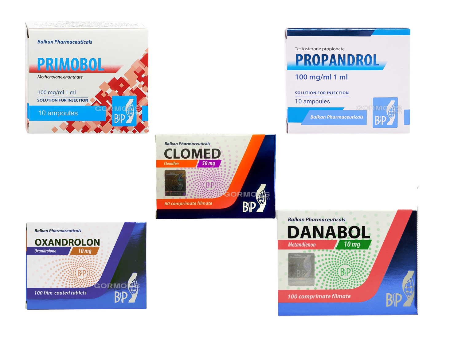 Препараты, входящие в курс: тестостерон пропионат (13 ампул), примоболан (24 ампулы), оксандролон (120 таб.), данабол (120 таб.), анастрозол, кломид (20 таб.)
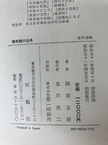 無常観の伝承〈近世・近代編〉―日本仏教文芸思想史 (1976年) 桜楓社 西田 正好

== == ==

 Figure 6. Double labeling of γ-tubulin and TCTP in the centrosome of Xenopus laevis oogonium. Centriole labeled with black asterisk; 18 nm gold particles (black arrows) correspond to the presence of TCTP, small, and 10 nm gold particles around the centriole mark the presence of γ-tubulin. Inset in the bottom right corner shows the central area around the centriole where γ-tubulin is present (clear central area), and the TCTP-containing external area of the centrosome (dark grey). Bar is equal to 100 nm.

== == ==

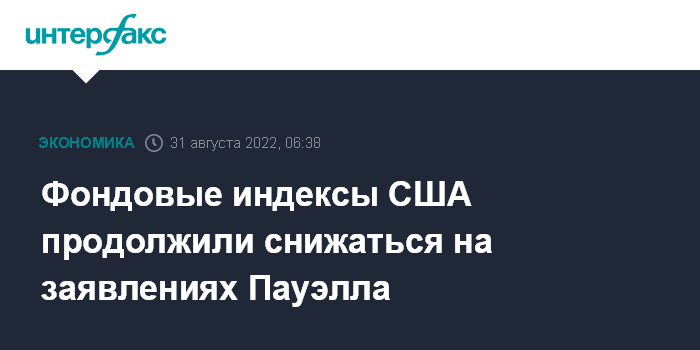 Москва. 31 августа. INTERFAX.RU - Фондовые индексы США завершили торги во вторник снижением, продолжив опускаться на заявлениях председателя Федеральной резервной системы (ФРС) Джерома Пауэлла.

== == ==

Work request: Among the entries above, copy exactly the stretch from the line holding "Препараты, входящие в" through the line holding "無常観の伝承〈近世・近代編〉―日本仏教文芸思想史 (1976年) 桜楓社 西田 正好", leaving out any pictures.

Answer to this problem:
 Препараты, входящие в курс: тестостерон пропионат (13 ампул), примоболан (24 ампулы), оксандролон (120 таб.), данабол (120 таб.), анастрозол, кломид (20 таб.)
 無常観の伝承〈近世・近代編〉―日本仏教文芸思想史 (1976年) 桜楓社 西田 正好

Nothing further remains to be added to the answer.